One of the common points of all these demonstrations is the incredible quality of ChatGPT-4o’s synthetic voice. Even if we still hear slightly robotic inflections here and there, ChatGPT-4o’s ability to modulate its intonations to make people feel a specific emotion or accentuate a particular point is truly astonishing. And the speed of interaction is also greatly improved by another new feature of ChatGPT-4o: you can interrupt it at any time, without having to wait for your vocal response to finish. We see this in particular in this demo during which one of the developers asks ChatGPT-4o to tell him a story and asks it to change its tone, from the most neutral to the most dramatic. And even singing!
GPT-4o is rolling out to ChatGPT Plus and Team users now, and it will be available to Enterprise users soon. It is also rolling out to free ChatGPT users. Just go to ChatGPT.com to try it, without even needing to create an account.
ChatGPT-4o: a version for Mac first
Beyond the incredible technological demonstration, OpenAI’s announcements show the inevitable evolution of our interactions with our machines, whatever their forms (computers, smartphone, glasses, brooch, pendant, etc.). An evolution predicted and desired at the same time by almost all works of science fiction for decades: from Star Trek to Iron Man, via Asimov’s robots, it is the voice, via natural dialogue that one addresses the machine to ask it to complete any task. In Star Trek IV Return to Earth for example, while the crew of the starship Enterprise travels back in time to 1986 (release date of the film), we see the engineer Scotty speaking vocally to a Mac from the time. And when that doesn’t work, he grabs the mouse with a knowing look to speak to her as if through a microphone! Until finally resolving to type on the keyboard.
This makes you smile of course, but the Mac example is not trivial, because the new functions of ChatGPT-4o could soon be integrated into today’s Macs. There are growing rumors that Apple and OpenAi have signed an agreement to integrate all or part of GPT into the next versions of macOS, iOS and iPadOS. And as luck would have it, the computer version of ChatGPT announced by OpenAI is first reserved for Macs! It’s almost a snub to Microsoft, which has nevertheless invested more than 10 billion dollars in OpenAI. Not to mention that all the functions of Copilot, Microsoft’s AI program, are entirely based on ChatGPT, and that the Seattle firm is working hard to integrate it into both Windows and its Office office suite. .
ChatGPT-4o; soon in Apple’s new Siri?
From there to imagining a (very) improved version of Siri there is only one step that we take all the more easily as the voice assistant really needs to improve. And we already know that Apple’s next developer conference, WWDC which will begin on June 10, 2024, will have AI as the main theme. In addition to progress in conversation, we also easily see the benefit of integrating Artificial Intelligence directly into the operating system.

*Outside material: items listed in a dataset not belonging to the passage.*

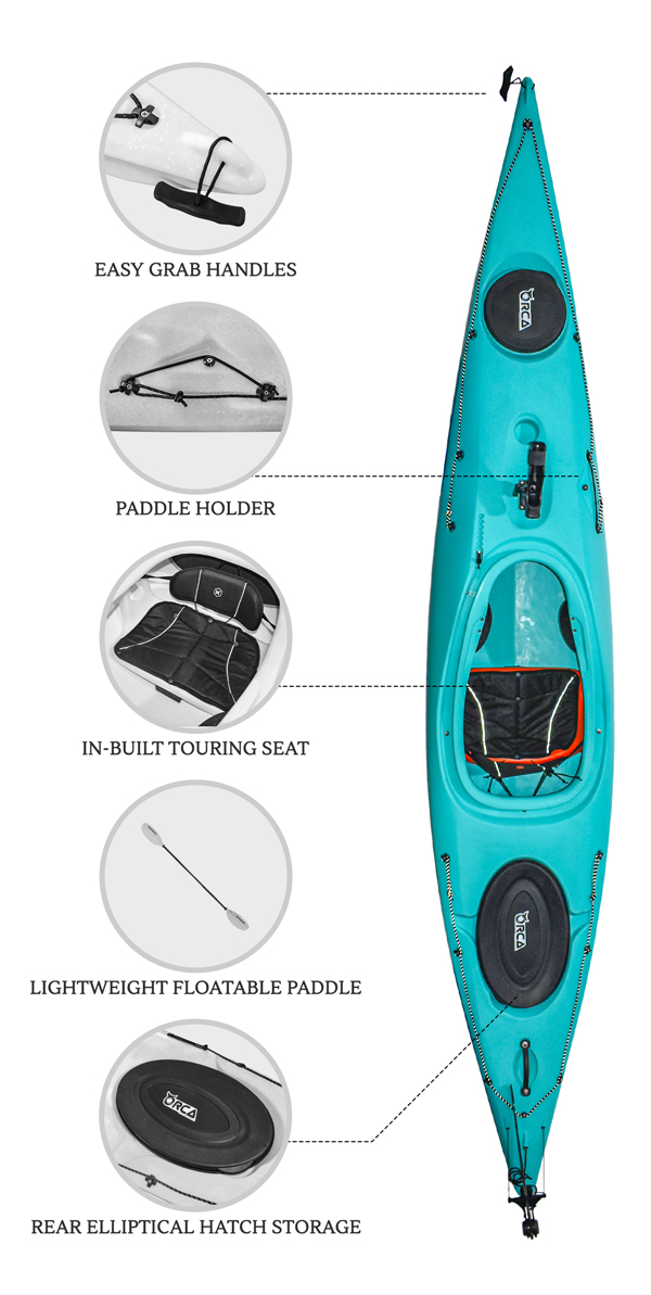 - Touring seat sits off the floor of the kayak so you do not get a wet bottom
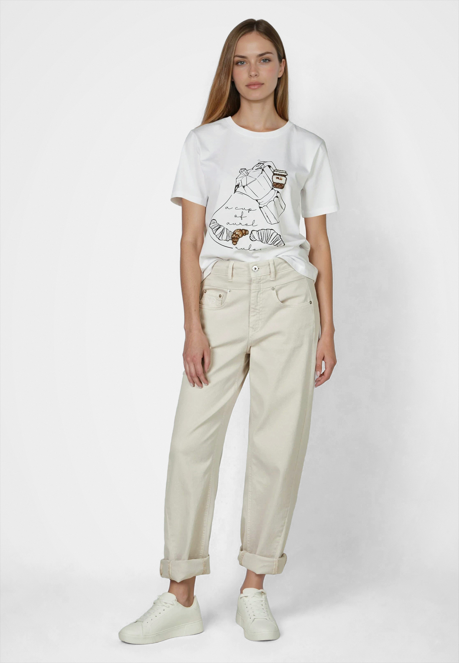 A shirt with a special texture. The sturdy cotton fabric feels pleasant to the touch, while beaded embroidery stylishly adorns the front. The classic round neckline and logo on the back complete the elegant design.
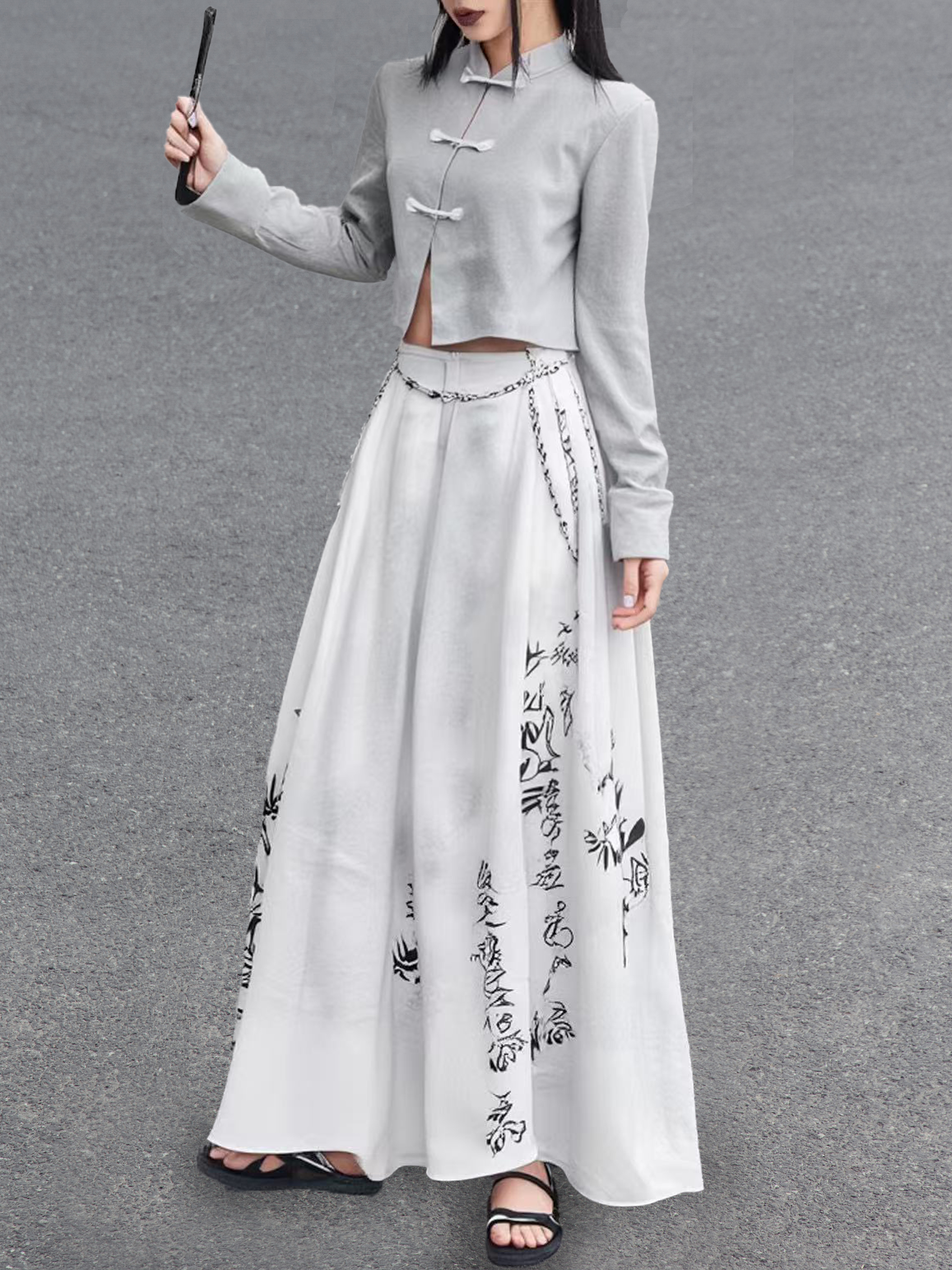 The short jacket in light grey features a stand collar and traditional frog button details, presenting a refined silhouette. The wide-leg trousers, crafted in white with Chinese-inspired print motifs, convey an elegant oriental charm. A side chain element introduces a modern, trendy accent, blending heritage with contemporary fashion.
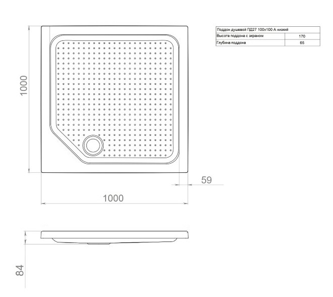 Поддон ПД27 квадрат акрил 100х100х17 низкий, с экраном # ТРИТОН

Imagine if you could ask your Mac: “ find me the file that Eric sent me, unless it was Jules the day we were talking about the purchase of the hailstorm, and who is talking about our next commercial offer “. You’d be hard-pressed to ask Spotlight, the current Mac search tool, that question today. Of course, for this to work, it involves giving the AI tool full or near-total access to your data. Perhaps you would be hesitant to do this with OpenAI. But perhaps it will also be easier to give such access to an AI from Apple, one of whose mantras is precisely the protection of our lives and private data. We can’t wait for June 10 to know more!